• **RECORDS FOR THIS TASK**
□ □ □

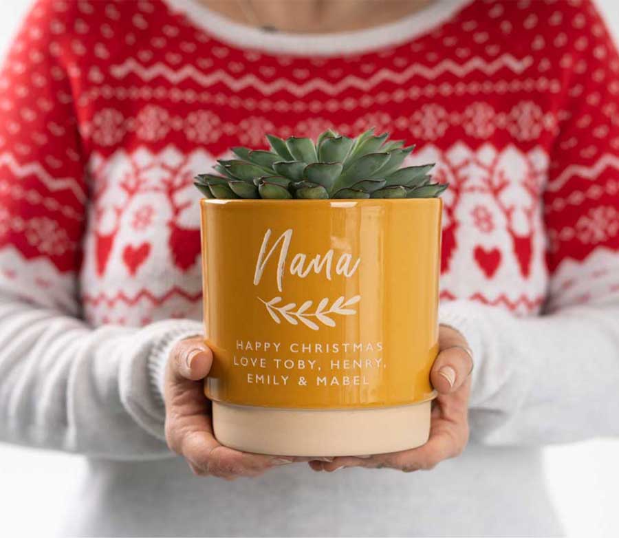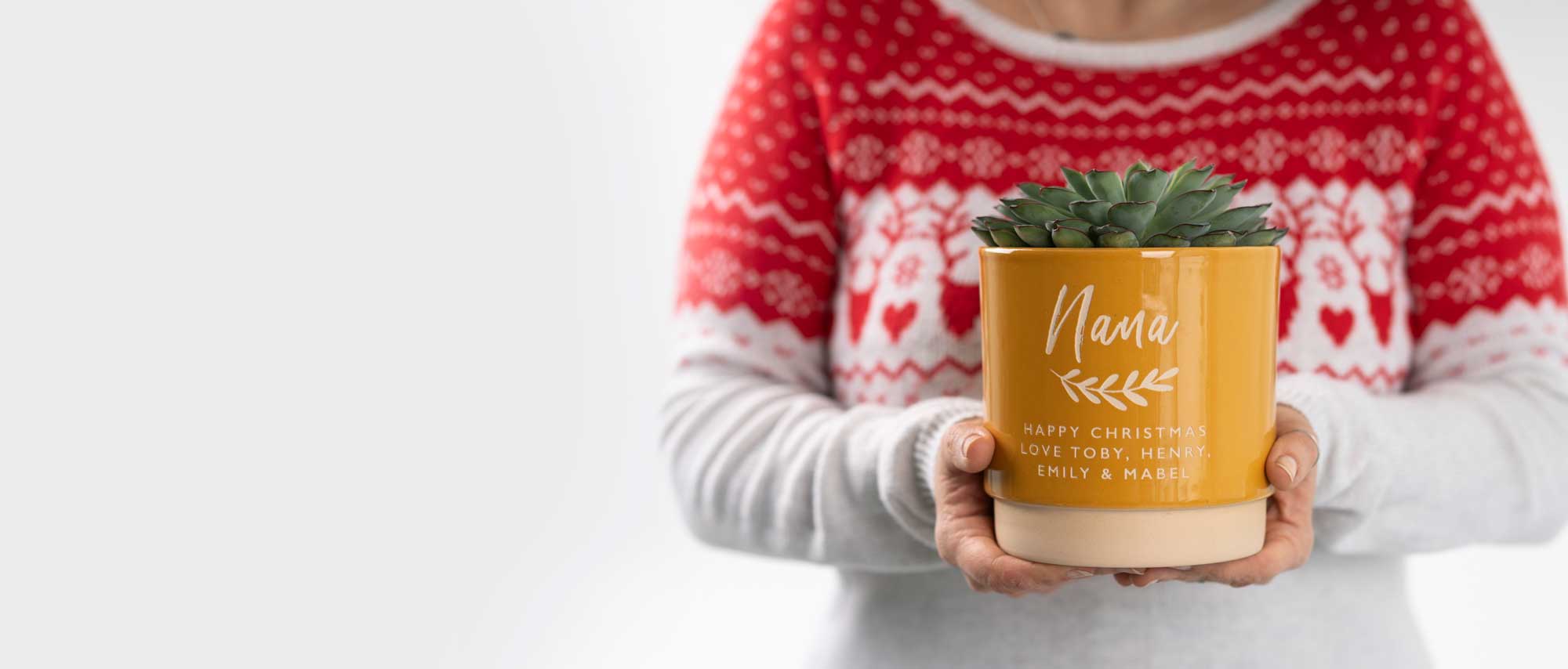A perfect gift for the bride and groom - the pot is engraved with their wedding date in a wreath with your choice of text below- text line one, e.g. The wedding of, with the names below.
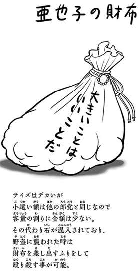第11話で玄蕃が亜也子から盗んだ財布ですが、袋が大きい割に額は他の郎党と同じだそうです。たくさん入っているように見えるのは石が混入されているからで、亜也子は野盗に襲われた時この財布を差し出すふりをして殴り殺すそうです。恐ろしい…。
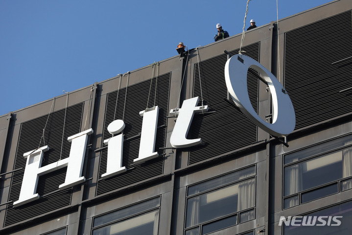 [서울=뉴시스] 조성우 기자 = 1일 오전 지난해 연말자로 영업을 종료한 서울 중구 밀레니엄 힐튼 서울 호텔에서 관계자들이 간판 철거 작업을 하고 있다. 2023.01.01. [email protected]
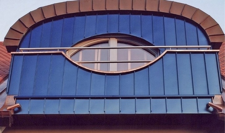 An einer größeren Dachgaube eines Wohnhauses in Eichsfeld war die putzüberzogene WDVS-Fassade im Laufe der Zeit sehr unansehnlich geworden. Schlimmer noch: Der Bauherr hatte feuchte Stellen an der Fassade entdeckt. Neben dem bombierten Dach wurden unterschiedliche Anschlüsse sowie die Dachränder ebenfalls mit zum Teil sehr aufwendigen Kupferprofilen ausgestattet. Der Balkonboden wurde mit Edelstahl der Marke Uginox abgedichtet. Berechtigterweise begaben sich der beauftragte Architekt sowie der Bauherr auf die Suche nach einem beständigen Fassadenelement. Gefordert war ein System, welches die Fassade über einen langen Zeitraum in optisch ansprechender Weise erhält. Die Entscheidung fiel schließlich auf blau gefärbten Edelstahl, der bedingt durch seine Korrosionsbeständigkeit Sicherheit für die nächsten Generationen und gleichzeitig durch die farbige Oberfläche eine einzigartige Optik bietet.
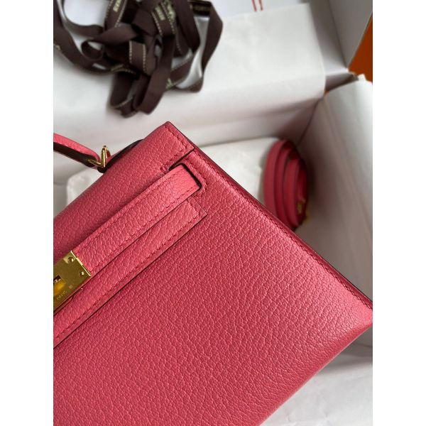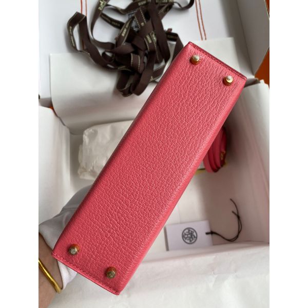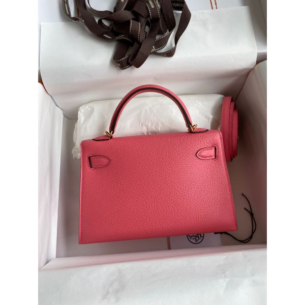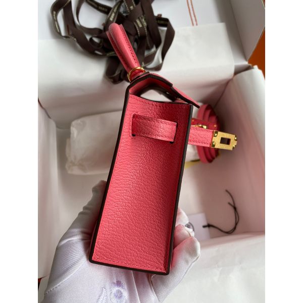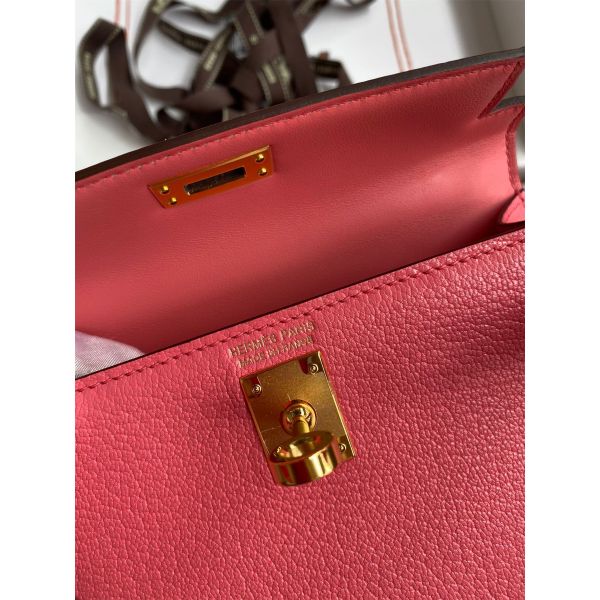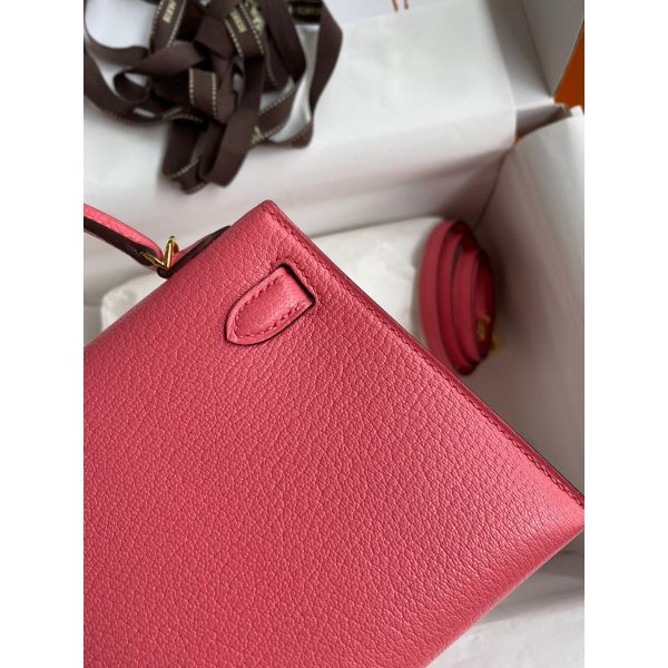Hermes Kelly Mini II Sellier Handmade Bag In Rose Lipstick Chevre Mysore Leather
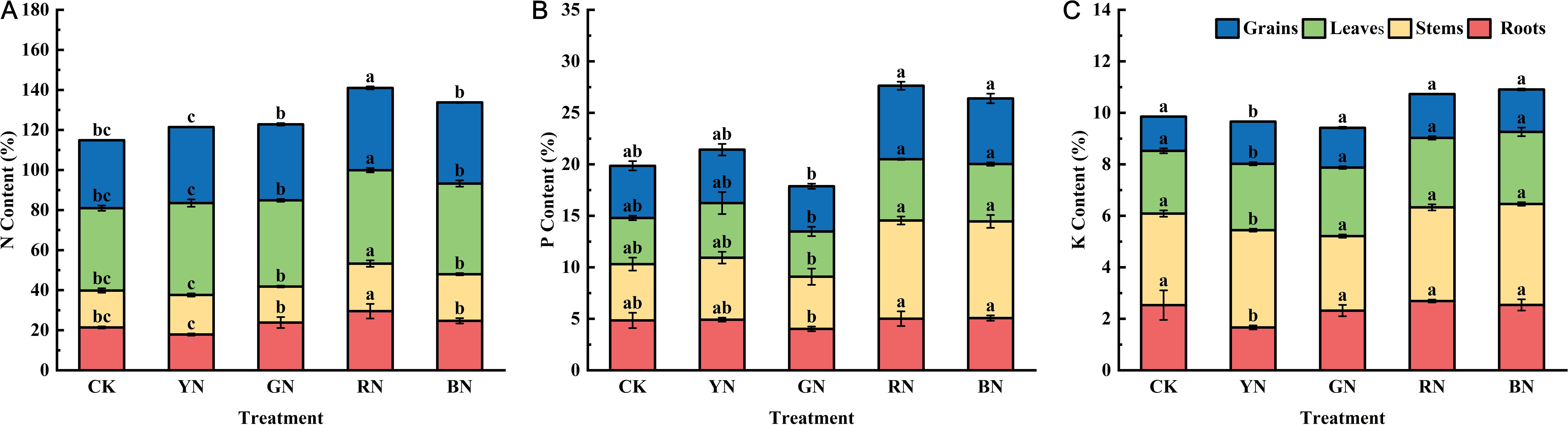 As primary macronutrients, nitrogen (N), phosphorus (P), and potassium (K) are fundamental to plant growth and development. During the harvest period, the concentrations of N, P and K in organs of adzuki beans (roots, stems, leaves and grains) were determined. Significant differences in plant nutrient balance were observed across photo-selective net treatments. Of which, RN treatment induced the highest nitrogen content in adzuki bean tissues, with leaves exhibiting peak accumulation (46.65% dry weight), followed by grain (41.09%), roots (29.52%), and stems (23.76%) (Figure 9). Under CK treatment, the nitrogen content in the leaves and grains of adzuki beans was at its lowest level, indicating that different photo-selective nets can enhanced the translocation of nitrogen to both the grains and leaves. Phosphorus concentration in roots, stems, leaves and grain of adzuki bean were significantly influenced by the photo-selective net treatments. Among them, RN and BN significantly increased phosphorus content in all tested tissues, whereas the total phosphorus content was lowest under GN treatment. As shown in Figure 9, potassium concentration of adzuki bean was also significantly influenced by the various photo-selective net treatments. Compared to control, all photo-selective net treatments significantly the increased potassium content in stems, leaves, and grains of adzuki beans.

□ □ □

• **INSTRUCTIONS FOR THE TASK**
Each line from the start of the entries above through the line with "Hermes Kelly Mini" should be duplicated exactly, leaving out the pictures.

• **REPLY TO THE EXERCISE**
A perfect gift for the bride and groom - the pot is engraved with their wedding date in a wreath with your choice of text below- text line one, e.g. The wedding of, with the names below.
第11話で玄蕃が亜也子から盗んだ財布ですが、袋が大きい割に額は他の郎党と同じだそうです。たくさん入っているように見えるのは石が混入されているからで、亜也子は野盗に襲われた時この財布を差し出すふりをして殴り殺すそうです。恐ろしい…。
 [서울=뉴시스] 조성우 기자 = 1일 오전 지난해 연말자로 영업을 종료한 서울 중구 밀레니엄 힐튼 서울 호텔에서 관계자들이 간판 철거 작업을 하고 있다. 2023.01.01. [email protected]
 An einer größeren Dachgaube eines Wohnhauses in Eichsfeld war die putzüberzogene WDVS-Fassade im Laufe der Zeit sehr unansehnlich geworden. Schlimmer noch: Der Bauherr hatte feuchte Stellen an der Fassade entdeckt. Neben dem bombierten Dach wurden unterschiedliche Anschlüsse sowie die Dachränder ebenfalls mit zum Teil sehr aufwendigen Kupferprofilen ausgestattet. Der Balkonboden wurde mit Edelstahl der Marke Uginox abgedichtet. Berechtigterweise begaben sich der beauftragte Architekt sowie der Bauherr auf die Suche nach einem beständigen Fassadenelement. Gefordert war ein System, welches die Fassade über einen langen Zeitraum in optisch ansprechender Weise erhält. Die Entscheidung fiel schließlich auf blau gefärbten Edelstahl, der bedingt durch seine Korrosionsbeständigkeit Sicherheit für die nächsten Generationen und gleichzeitig durch die farbige Oberfläche eine einzigartige Optik bietet.
Hermes Kelly Mini II Sellier Handmade Bag In Rose Lipstick Chevre Mysore Leather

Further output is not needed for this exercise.